Besides low Hb levels, clinical symptoms such as cardiorespiratory instability and poor weight gain have been presumed to result from poor oxygen delivery. They have therefore been used as criteria for PRBCT. Again, there is a lack of data correlating the symptoms of anaemia with FTOEc and FTOEs.

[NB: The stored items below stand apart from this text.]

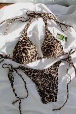 The Leopard Print Bikini Set is a classic triangle top with a matching cheeky tie bottom made of two-way stretch polyester/spandex and lined with elastic banding. The top features double straps and openings in each cup for the option of adding your own padding.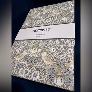 This gorgeous William Morris & Co. Journal / notebook features a removable, reusable faux leather cover printed in a yellow, blue, and beige William Morris & Co. floral and bird pattern, and includes a William Morris notebook with 200 lined pages 80g paper. 7x10”. Great gift.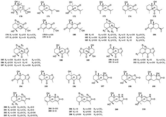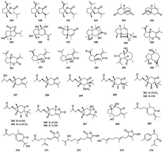 Natural products encompass secondary metabolites crafted by organisms over millions of years of natural evolution, showcasing a plethora of diverse chemical structures. Human life is intricately connected to natural products, serving as a primary source of numerous medicinal drugs or pivotal lead compounds. Sesquiterpenoids are a class of natural products consisting of three isoprene units with structurally diverse basic skeletons. They are derived from farnesyl pyrophosphate (FPP), formed from three molecules of isopentenyl pyrophosphate (IPP), through a series of complex transformations, including cyclization, rearrangement, and oxidation. Although the basic skeleton of sesquiterpenoids contains only 15 carbons, the number of sesquiterpenoids is the highest among terpenoids. Emerging evidence has shown that these compounds have multifaceted biological activities, including, but not limited to, anti-inflammatory, cytotoxic, antitumor, hepatoprotective, and cardiovascular disease-improving properties, both in vitro in cell models and in vivo in animal models [1,2,3,4].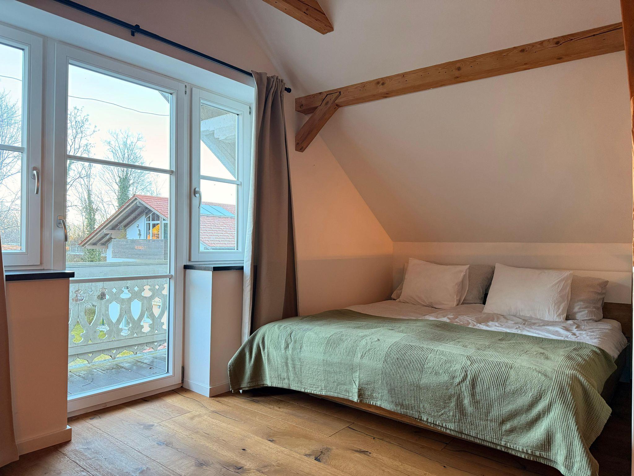 Herzlich willkommen in unserer liebevoll eingerichteten Loftwohnung in Bayerisch Gmain, am Fuße der bayerischen Alpen und nur wenige Minuten von der österreichischen Grenze sowie der Kulturstadt Salzburg entfernt. Die rund 120 m² große Wohnung ist offen gestaltet und besticht durch viel Licht, warme Holzelemente und sichtbare Balken, die von der ersten Minute an eine gemütliche Atmosphäre schaffen. Die Loftwohnung bietet Ihnen eine komfortable Sitzecke mit Fernseher, einen konfortablen Arbeitsbereich und eine vollständig ausgestattete Küche, die zum gemeinsamen Kochen einlädt. Direkt daneben befindet sich ein großzügiger Essbereich mit einem großen Tisch, an dem Sie entspannt zusammenkommen können. Das Badezimmer verfügt über eine Dusche und ein WC – und sogar über einen wunderbaren Blick auf die Berge, der jeden Start in den Tag besonders macht. Bitte beachten Sie, dass es durch die Dachschrägen im Bereich des WCs etwas enger sein kann. Zwei behagliche Doppelbetten sorgen dafür, dass Sie sich nach einem aktiven Tag in der Natur bestens erholen können. Ob Sie zu zweit reisen, als kleine Familie unterwegs sind oder sich eine Auszeit allein gönnen möchten – unser Loft bietet Ihnen den idealen Rückzugsort. Hier können Sie die Ruhe genießen, die umliegende Natur erkunden, ein gutes Buch in entspannter Atmosphäre lesen oder konzentriert arbeiten. Wir freuen uns darauf, Sie willkommen zu heißen und Ihnen eine erholsame Zeit in unserem charmanten Loft zu bereiten.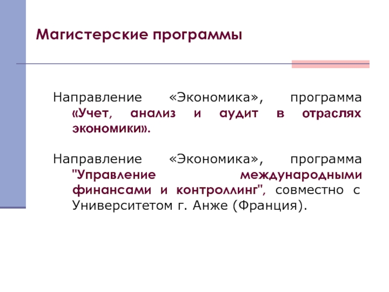 Направление «Экономика», программа «Учет, анализ и аудит в отраслях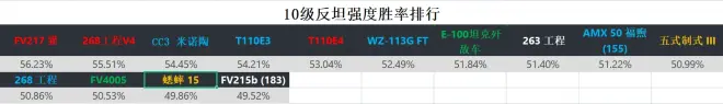 坦克世界闪击战 十级车强度/胜率排行
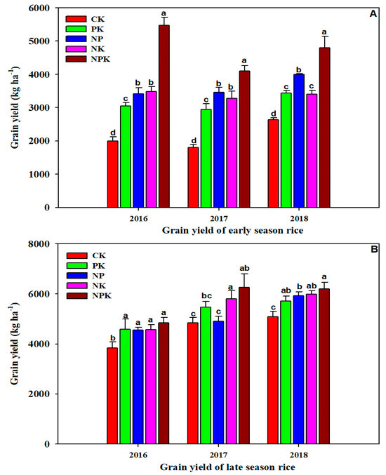 The rice grain yields significantly (p < 0.05) higher with fertilizers application than in CK (Figure 2A). NP treatment had higher yields than NK and PK in 2017 and 2018. In 2016, the early-season rice grain yield in NP was close to NK but still higher than PK. As for late-season rice, NPK had the highest yield and CK had the lowest grain yield (Figure 2B).

Our study aimed to determine the associations of pre-transfusion Hb and clinical symptoms of anaemia with FTOEc and FTOEs. It was hypothesised that FTOE is not associated with Hb and symptoms.

Methods

The current study is a post-hoc analysis of a prospective observational single centre study conducted in the neonatal intensive care unit (NICU), Nepean Hospital, Sydney, Australia, from Sept 1, 2014 to Nov 30, 2016. The primary study evaluated cerebral and splanchnic oxygenation associated with PRBCT and feeding. The study protocol including parental consent was approved by the human research ethics committee, Nepean Blue Mountain Local Health Committee (Approval number: Study 12/67 - HREC/12/NEPEAN/148). The study was conducted after written, informed consent of parents, as approved by the human research ethics committee, Nepean Blue Mountain Local Health Committee.

Study participants

Inclusion criteria: gestation <32 weeks; birth weight <1500 g; postmenstrual age <37 weeks; tolerating enteral feed volume at least 120 mL/Kg/day; hemodynamically stable and receiving elective PRBCT to treat anaemia of prematurity.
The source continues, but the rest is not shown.